In the latest in a series, Captain Jeremy Feldman, who operates the Airbus A320 for a large UK carrier, worries about how the industry will capture attention of the next generation of pilots.
As pilots, we can all think back to those key memories that inspired us. Whether it was gazing at aircraft passing overhead as a child, the giddy excitement of seeing the Red Arrows display, or for those lucky (and old) enough, being utterly enthralled by all the buttons, dials and stunning views when visiting the cockpit during a flight.
The glamour of the job has also been a big selling point too. Whether it was the fancy uniform – complete with mirrored aviator shades and peaked hat - or the luxury beach hotels included as part of a scheduled night stop, aviation has always projected a certain élan. Unfortunately, the reality is very different these days.
No longer do pilots stroll through the airport, bag in tow with a laid-back swagger. We have to be frisked the same way as passengers when passing through security: belts and shoes off, empty your pockets and don’t forget to remove that iPad from your bag or to the back of the queue you go. And that irksome 100ml limit on liquids applies just as much to flightcrew as it does to everyone else.
Sure, you might, say, all these are inconveniences, but once on board you must be sick of all the first-class food that’s forced on you. You’d be wrong about that as well. Many airlines have now stopped providing crew food at all, including tea and coffee, leaving it to the pilot to provide their own.
Okay, so the refreshments might be whatever’s in your lunchbox and flask these days, but airline pilots still get to wear the fancy uniform, right? That’s true… to an extent: any glamorous sheen is swiftly removed when you learn that new pilots are being forced to pay for their own uniform. You read that correctly – pilots at certain airlines are expected to pay for the uniform they are compelled to wear.
Still, think of the free flights! While this undoubtedly constitutes a perk of the job, the reality is not black and white. Firstly, the pilot has to get the holiday approved. That can prove particularly tricky if you are limited by the constraints of school-age children and are seeking a break during your employer’s busy time.
But even if they are lucky enough to be able to go away with their families, most flights may be on a standby-only basis. That means booking flights, turning up at the airport, proceeding through security and hoping that some other unlucky group fails to turn up, thus making seats available. If the flight is full, it’s back to the car and try again the next day.

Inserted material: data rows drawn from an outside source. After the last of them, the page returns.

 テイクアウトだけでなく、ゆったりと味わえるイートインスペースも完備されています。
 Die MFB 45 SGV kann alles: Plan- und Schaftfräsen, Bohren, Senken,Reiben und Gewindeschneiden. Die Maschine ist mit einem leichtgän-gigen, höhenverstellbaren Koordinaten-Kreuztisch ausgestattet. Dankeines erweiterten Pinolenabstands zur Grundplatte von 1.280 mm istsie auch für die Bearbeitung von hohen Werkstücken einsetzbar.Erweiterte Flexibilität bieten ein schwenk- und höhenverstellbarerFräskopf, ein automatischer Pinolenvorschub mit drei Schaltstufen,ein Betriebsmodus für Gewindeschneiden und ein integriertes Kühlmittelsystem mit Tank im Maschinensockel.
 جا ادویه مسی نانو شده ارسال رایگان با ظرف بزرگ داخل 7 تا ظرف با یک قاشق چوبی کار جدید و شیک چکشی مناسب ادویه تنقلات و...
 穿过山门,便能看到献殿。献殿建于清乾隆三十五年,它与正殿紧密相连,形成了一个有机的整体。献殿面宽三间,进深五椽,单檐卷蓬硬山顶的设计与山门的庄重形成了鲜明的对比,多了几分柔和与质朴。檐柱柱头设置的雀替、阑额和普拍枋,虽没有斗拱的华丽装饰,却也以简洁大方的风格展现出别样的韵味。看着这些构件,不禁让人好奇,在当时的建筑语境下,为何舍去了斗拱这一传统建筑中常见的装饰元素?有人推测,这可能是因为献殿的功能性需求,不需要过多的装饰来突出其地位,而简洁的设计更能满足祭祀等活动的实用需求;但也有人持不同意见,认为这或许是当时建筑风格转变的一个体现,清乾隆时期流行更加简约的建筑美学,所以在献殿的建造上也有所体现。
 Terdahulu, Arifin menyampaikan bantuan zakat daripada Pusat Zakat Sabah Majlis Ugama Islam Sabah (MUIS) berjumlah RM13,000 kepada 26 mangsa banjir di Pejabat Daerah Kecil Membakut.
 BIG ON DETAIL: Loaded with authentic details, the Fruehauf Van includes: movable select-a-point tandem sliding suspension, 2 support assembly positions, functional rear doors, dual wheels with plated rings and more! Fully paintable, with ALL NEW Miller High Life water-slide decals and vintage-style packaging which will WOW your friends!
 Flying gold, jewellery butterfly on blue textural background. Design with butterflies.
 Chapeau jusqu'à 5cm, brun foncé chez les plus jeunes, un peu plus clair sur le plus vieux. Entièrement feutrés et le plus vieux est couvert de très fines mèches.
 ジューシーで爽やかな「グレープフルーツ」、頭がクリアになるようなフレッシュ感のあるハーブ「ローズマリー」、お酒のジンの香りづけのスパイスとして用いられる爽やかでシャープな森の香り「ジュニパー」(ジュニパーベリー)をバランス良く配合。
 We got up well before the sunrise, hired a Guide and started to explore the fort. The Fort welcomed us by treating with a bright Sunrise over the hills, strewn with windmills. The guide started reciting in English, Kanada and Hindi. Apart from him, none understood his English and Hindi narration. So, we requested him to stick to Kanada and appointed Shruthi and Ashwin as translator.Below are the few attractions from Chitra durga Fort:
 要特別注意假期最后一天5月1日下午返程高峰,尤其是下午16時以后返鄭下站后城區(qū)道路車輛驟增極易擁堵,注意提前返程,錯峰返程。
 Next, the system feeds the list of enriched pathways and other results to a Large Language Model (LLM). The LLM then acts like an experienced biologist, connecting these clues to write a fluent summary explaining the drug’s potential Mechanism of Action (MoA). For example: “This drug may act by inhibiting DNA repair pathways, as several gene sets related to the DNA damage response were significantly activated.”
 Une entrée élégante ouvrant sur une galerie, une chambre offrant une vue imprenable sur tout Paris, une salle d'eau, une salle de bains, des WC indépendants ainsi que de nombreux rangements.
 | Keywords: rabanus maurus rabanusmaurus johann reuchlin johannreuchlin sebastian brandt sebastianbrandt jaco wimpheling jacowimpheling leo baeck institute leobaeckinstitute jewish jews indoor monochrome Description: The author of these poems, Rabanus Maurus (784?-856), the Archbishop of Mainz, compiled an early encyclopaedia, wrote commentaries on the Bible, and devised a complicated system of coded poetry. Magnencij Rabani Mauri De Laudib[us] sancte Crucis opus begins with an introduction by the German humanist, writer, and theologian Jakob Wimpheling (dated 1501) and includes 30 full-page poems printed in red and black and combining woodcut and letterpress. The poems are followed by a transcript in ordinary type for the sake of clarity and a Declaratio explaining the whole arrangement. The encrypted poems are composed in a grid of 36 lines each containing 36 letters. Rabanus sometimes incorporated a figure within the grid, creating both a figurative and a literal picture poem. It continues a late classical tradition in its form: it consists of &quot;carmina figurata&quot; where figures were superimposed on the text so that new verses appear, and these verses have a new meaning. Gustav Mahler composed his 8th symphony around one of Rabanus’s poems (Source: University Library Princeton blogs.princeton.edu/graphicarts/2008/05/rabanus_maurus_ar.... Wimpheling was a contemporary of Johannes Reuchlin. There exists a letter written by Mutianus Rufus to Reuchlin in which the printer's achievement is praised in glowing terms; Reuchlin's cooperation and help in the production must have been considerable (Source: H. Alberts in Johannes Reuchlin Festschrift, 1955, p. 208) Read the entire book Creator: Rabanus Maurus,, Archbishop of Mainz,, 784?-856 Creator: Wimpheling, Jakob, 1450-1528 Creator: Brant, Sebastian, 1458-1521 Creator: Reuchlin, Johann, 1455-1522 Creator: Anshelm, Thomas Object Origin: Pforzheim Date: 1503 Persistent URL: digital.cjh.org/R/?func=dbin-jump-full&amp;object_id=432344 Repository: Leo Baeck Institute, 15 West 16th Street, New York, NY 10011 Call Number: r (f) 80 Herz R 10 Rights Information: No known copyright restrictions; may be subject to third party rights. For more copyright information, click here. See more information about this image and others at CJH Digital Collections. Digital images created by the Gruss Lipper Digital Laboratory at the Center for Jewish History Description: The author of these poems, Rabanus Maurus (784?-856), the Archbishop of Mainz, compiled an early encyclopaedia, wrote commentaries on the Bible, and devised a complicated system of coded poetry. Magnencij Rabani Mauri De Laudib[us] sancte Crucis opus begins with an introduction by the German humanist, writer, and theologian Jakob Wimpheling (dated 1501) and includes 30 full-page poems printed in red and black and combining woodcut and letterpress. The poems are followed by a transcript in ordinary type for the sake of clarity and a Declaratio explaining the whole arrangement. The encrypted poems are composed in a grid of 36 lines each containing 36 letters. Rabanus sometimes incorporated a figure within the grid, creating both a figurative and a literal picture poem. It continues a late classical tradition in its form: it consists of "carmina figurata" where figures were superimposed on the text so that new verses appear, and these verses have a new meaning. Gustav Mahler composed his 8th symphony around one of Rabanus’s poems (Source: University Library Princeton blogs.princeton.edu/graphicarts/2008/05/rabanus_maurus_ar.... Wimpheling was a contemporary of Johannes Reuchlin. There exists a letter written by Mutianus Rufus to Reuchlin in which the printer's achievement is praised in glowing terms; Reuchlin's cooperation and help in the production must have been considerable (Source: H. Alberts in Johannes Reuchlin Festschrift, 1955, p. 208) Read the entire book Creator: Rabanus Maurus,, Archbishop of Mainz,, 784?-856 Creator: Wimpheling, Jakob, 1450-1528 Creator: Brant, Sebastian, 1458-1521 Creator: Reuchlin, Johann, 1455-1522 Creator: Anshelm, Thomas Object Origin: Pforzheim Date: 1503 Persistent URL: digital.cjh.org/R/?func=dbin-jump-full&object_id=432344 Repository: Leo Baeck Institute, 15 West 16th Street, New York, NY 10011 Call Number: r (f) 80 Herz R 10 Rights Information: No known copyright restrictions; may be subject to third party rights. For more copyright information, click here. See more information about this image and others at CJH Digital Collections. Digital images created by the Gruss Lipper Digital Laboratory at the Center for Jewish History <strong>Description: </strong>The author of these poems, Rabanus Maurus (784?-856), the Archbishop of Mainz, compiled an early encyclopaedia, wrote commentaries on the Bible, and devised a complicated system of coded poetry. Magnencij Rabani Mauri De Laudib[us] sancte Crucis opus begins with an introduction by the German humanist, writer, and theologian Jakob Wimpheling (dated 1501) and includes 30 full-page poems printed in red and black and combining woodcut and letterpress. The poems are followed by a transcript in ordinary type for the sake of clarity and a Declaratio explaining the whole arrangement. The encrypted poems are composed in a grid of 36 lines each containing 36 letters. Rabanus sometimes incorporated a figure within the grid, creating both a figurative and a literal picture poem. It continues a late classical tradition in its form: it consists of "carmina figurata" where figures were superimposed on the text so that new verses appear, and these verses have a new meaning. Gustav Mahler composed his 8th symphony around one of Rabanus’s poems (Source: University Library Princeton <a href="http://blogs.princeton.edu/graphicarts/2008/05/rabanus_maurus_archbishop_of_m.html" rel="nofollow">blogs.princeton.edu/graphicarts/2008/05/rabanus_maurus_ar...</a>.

There’s no doubt about it, the perks of the job have been steadily eroded as airline management has sought interminable cost savings.
Perks of the job aside then, once on board the aircraft, the job still exudes prestige. The events of 9/11 may have put an end to in-flight cockpit visits, but on the ground, many airlines still allow passengers to come up and visit the flightdeck. With a long delay, sometimes inviting the children (adult size included) to visit the business end of the jet and take some seemingly obligatory selfies is often quite rewarding. To be able to encourage the next generations of would-be pilots is something many airline pilots are only too happy to do.
Alas, I fear this may also be something that is relegated to the good old days. This time it won’t be down to the whims of airline cost-cutting, or perceived security threat, but instead to Covid-19.
Social distancing is already a very difficult problem to manage in the cockpit, post-coronavirus. Many airlines will be limiting the cockpit visitors to pilots only, even on the ground. If it is unlikely that even cabin crew will be able to visit unless it is absolutely essential, the chances of the general public being permitted is almost certainly zero.
That is a shame. Many pilots will come to feel this restriction harder than the loss of some privileges. We were all inspired at some point to become pilots, therefore it is only natural that we want to be able to motivate, enliven and help future generations.